* _INFORMATION SUPPLIED_
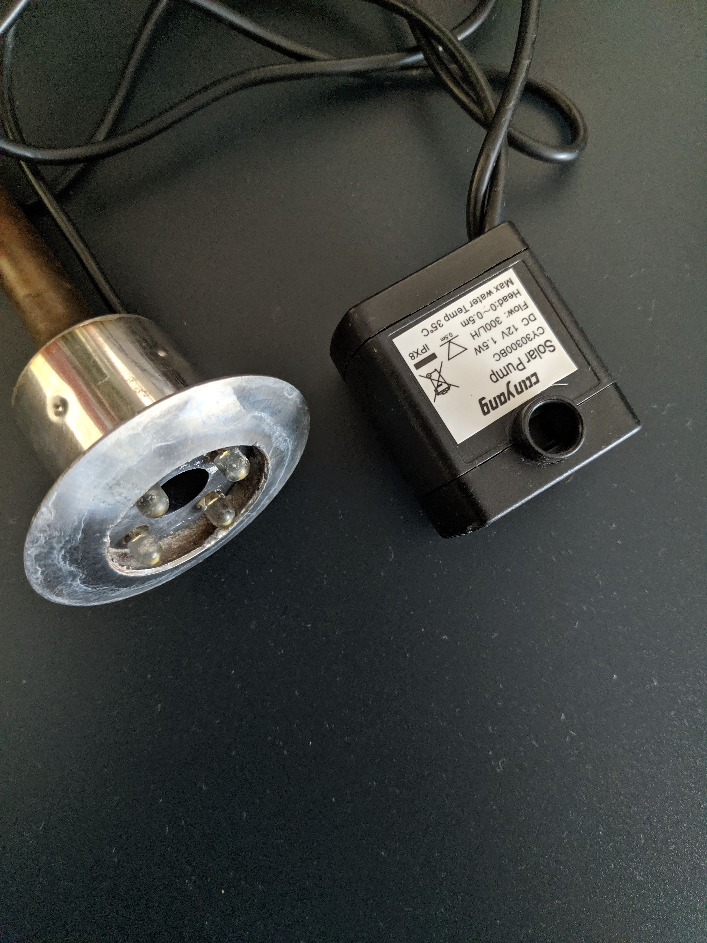 Ik wil dus van 240v naar 12v. De 12v komt voort uit het feit dat de waterpomp (waar een draadje in gaat, en een draadje uit naar de 4 ledjes), 12v en 1.5W vraagt. Deze wil ik graag op de Sonoff aansluiten, maar dan moet er ergens ook nog een waterdicht verloop tussen. Hier heb ik naar gezocht, maar deze heb ik nog niet kunnen vinden (behalve voor een euro of 50, maar dat is dan weer net even iets te gek).
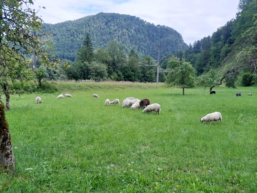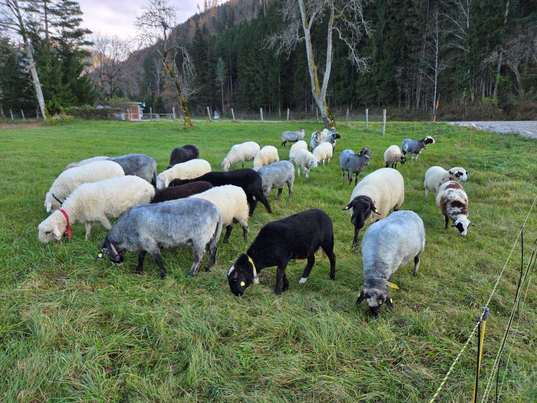 - Maßnahme: Beweidung auf der extensiven Wiesenfläche im Ortsteil Palfau der Gemeinde Landl (ca. 0,5 ha) mit Kreiner Steinschafen (15 Stück).
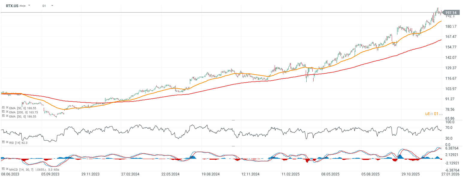 RTX Corp. (RTX.US), the largest U.S. defense prime and formerly Raytheon, delivered better than expected results for Q4 2025 and confirmed that momentum is carrying into 2026. Both revenue and earnings per share beat Wall Street estimates, reinforcing the broader uptrend across the defense space. The company’s most important long-term growth catalyst appears to be the “Golden Dome” program, although uncertainty around its execution, including political friction with Canada and discussions involving Greenland, may delay any valuation premium tied to potential profits from the project. RTX has also recently been singled out by Trump, who described the company as the least willing to align with new White House guidance. That guidance is increasing pressure on defense contractors to invest more aggressively in domestic factories and ramp production capacity as quickly as possible.

* _TASK PROMPT_
Every line above should be returned exactly; the pictures stay out.

* _RESULT_
 Ik wil dus van 240v naar 12v. De 12v komt voort uit het feit dat de waterpomp (waar een draadje in gaat, en een draadje uit naar de 4 ledjes), 12v en 1.5W vraagt. Deze wil ik graag op de Sonoff aansluiten, maar dan moet er ergens ook nog een waterdicht verloop tussen. Hier heb ik naar gezocht, maar deze heb ik nog niet kunnen vinden (behalve voor een euro of 50, maar dat is dan weer net even iets te gek).
 - Maßnahme: Beweidung auf der extensiven Wiesenfläche im Ortsteil Palfau der Gemeinde Landl (ca. 0,5 ha) mit Kreiner Steinschafen (15 Stück).
 RTX Corp. (RTX.US), the largest U.S. defense prime and formerly Raytheon, delivered better than expected results for Q4 2025 and confirmed that momentum is carrying into 2026. Both revenue and earnings per share beat Wall Street estimates, reinforcing the broader uptrend across the defense space. The company’s most important long-term growth catalyst appears to be the “Golden Dome” program, although uncertainty around its execution, including political friction with Canada and discussions involving Greenland, may delay any valuation premium tied to potential profits from the project. RTX has also recently been singled out by Trump, who described the company as the least willing to align with new White House guidance. That guidance is increasing pressure on defense contractors to invest more aggressively in domestic factories and ramp production capacity as quickly as possible.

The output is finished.